There was disgruntlement at how I was handling the artists and submissions. If someone wants to improve upon my process and revitalize this, feel free. Do what you like.


----------



## Femme

Grim... can I stop the list here, or should I wait for your cue?


----------



## 480

You could have cut the list off at any time. I only reserved the right to do so if they came piling in, and the artist was not around to say "stop".


----------



## Femme

I'm cutting the list off here, then. I'll try to post the image some time in the next week or so.


----------



## 480

Femme said:


> I'm cutting the list off here, then. I'll try to post the image some time in the next week or so.

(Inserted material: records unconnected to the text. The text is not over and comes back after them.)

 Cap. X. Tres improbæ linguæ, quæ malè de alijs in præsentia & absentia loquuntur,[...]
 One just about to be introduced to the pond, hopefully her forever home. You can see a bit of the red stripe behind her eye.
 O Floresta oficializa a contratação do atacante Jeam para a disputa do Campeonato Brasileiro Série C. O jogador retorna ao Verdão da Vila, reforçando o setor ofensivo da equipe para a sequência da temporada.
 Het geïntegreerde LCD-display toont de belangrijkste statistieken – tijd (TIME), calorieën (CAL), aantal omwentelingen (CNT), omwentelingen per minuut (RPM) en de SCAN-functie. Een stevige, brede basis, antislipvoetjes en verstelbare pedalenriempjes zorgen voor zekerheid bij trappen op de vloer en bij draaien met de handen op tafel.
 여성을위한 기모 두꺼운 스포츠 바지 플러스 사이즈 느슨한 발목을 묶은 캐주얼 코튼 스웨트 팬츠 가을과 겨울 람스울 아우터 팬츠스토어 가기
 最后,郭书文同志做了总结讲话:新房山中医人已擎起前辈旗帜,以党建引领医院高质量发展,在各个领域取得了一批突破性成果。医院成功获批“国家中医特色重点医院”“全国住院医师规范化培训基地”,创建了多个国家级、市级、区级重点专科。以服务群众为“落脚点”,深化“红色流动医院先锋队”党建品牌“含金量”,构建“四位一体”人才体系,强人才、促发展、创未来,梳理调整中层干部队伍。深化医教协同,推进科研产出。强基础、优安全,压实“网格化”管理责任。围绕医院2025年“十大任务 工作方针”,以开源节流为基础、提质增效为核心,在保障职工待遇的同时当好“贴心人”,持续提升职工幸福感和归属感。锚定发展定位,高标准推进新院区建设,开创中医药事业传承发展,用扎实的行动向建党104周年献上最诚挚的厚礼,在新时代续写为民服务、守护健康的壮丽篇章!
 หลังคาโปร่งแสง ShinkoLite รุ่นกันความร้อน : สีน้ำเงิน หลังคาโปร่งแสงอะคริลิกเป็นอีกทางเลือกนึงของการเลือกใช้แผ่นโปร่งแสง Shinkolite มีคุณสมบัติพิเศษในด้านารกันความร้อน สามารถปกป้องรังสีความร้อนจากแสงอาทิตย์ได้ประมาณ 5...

Sucks it dangled for so long over something like that... but I'm glad you're still on-board and willing to make a go of it. Take your time, I'm sure it will be a work of art.


----------



## Femme

Pardon the delay, but here it is:










It's graphite on paper (a tad bit of charcoal was used as well). I scanned it, so much of the detail isn't too apparent, unfortunately.


----------



## TurranMC

This just proves that Femme needs to post more of her art.


----------



## Skum

Clocks are one of my favorite motifs. Sweet drawing, Femme. 


























I like making jewelry


----------



## Thrifty Walrus

Skum said:


>


:OOO

Epic cat is epic.


----------



## nevermore

Skum said:


> Clocks are one of my favorite motifs.


Mirrors and snakes are mine.

But I can't draw.:sad:


----------